Alles begann mit dem Kinderklauseschwimmen

Die Leidenschaft für das Schwimmen hat Ammann bereits in der Jugendzeit entdeckt. Doch nicht nur das hat ihn motiviert: «Bereits während der Schulzeit war ich immer vorangetrieben – entweder wollte ich schnell rennen oder schnell schwimmen.» Beim «Kinderklausschwimmen» holte er den grössten Grittibänz. Doch angetrieben hat ihn nicht nur die Trophäe: «Es war auch der Status in der Schule, der schnellste Schwimmer zu sein.» Das habe ihn durch sein ganzes Leben begleitet. «Ich habe die Geschwindigkeit immer geliebt und auch das Medium Wasser immer geliebt.»

Ammann entscheidet sich zu einer Kochlehre, gründet eine Familie, doch das Schwimmen bleibt in seinem Hinterkopf. 2003 kommt der Ärmelkanal ins Spiel. Inspiriert wurde der Erlinsbacher durch einen Film, den das freie Kino in Aarau zeigte: Ein Familienvater, der nach einem Schicksalsschlag eine neue Lebensaufgabe sucht. Diese findet er in der Durchquerung des Ärmelkanals. «Ich habe seine Armzüge im Wasser gesehen und gedacht, ich bin im Wasser – das bin ich. Dann ist das Feuer, der Virus ausgebrochen.»

«Es war Lebensschule pur»

Die gerade Strecke beträgt 32 Kilometer, Ammann musste wegen starken Strömungen aber Umwege schwimmen – insgesamt 57 Kilometer. Kurz bevor er sein Ziel erreichte, musste er jedoch aufgeben. «Ich hatte Todesangst», sagt Ammann. Es waren nicht nur die Kräfte, die ihn allmählich verliessen, sondern auch die Sinnhaftigkeit, die er in Frage stellte. «Ich habe gebettelt, ich wollte nicht mehr.» Als er schliesslich aufs Boot steigt, fallen ihm «viele Mühlesteine» von den Schultern. Seine Entscheidung bereut er nicht: «Ich glaube, es hätte sich niemand gewünscht, dass ich dann gleich ins Spital eingeliefert werde oder in der Dunkelheit verloren gehe.» Dennoch werden seine Augen feucht, sobald er Ausschnitte von damals sieht. «Es war Lebensschule pur – vor, während und jetzt auch danach.»

Jürg Ammanns Odyssee

Jürg Ammanns Odyssee (10. August 2015)

Trotz gescheiterter Überquerung, wurde der Extremschwimmer gestern feierlich in der Badi Suhr empfangen.
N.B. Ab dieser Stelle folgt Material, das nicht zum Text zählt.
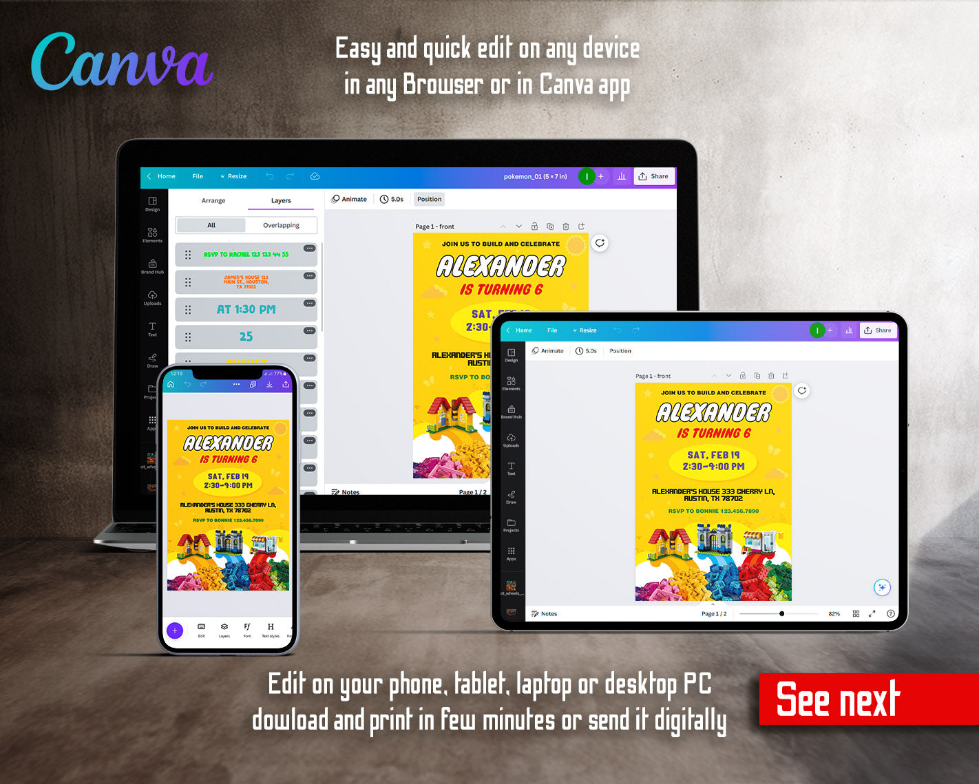 All the invitations are for self-editing. You will edit your template in Canva. It’s easy whether you're using the web browser or the app.

Obwohl er aufgeben musste, schaffte der Sportler Grosses. Schlussendlich schwamm der Erlinsbacher 57 km bei schwierigen Wetterbedingungen

«Grenzwertige Erlebnisse sind für den Mensch Jürg – ich will mich weiter entwickeln, vorwärtskommen.» Das, ist Ammann überzeugt, erreicht er nur, wenn er sich bis ans Limit treibt. So entstehen Emotionen. Und Emotionen sind genau das, was ihn weiter bringt – sowohl positive wie negative. «Im Vergleich zu 2003 war ich von mentaler Stärke Butter, die man leicht mit dem Messer teilen kann. Jetzt bin ich zwar kein Eisblock, aber gereift – ich komme immer eine Treppenstufe weiter.»

Im Sommer wagt er sich an zwei neue Grenzerlebnisse heran: Er will den Brienzer- und Thunersee durschwimmen – die kältesten Seen der Schweiz. Im Hinterkopf schlummert aber auch eine weitere Herausforderung, die er vor knapp zwei Jahren abbrechen musste. «Die Gewässer sind temperaturmässig sehr nahe am Ärmelkanal.»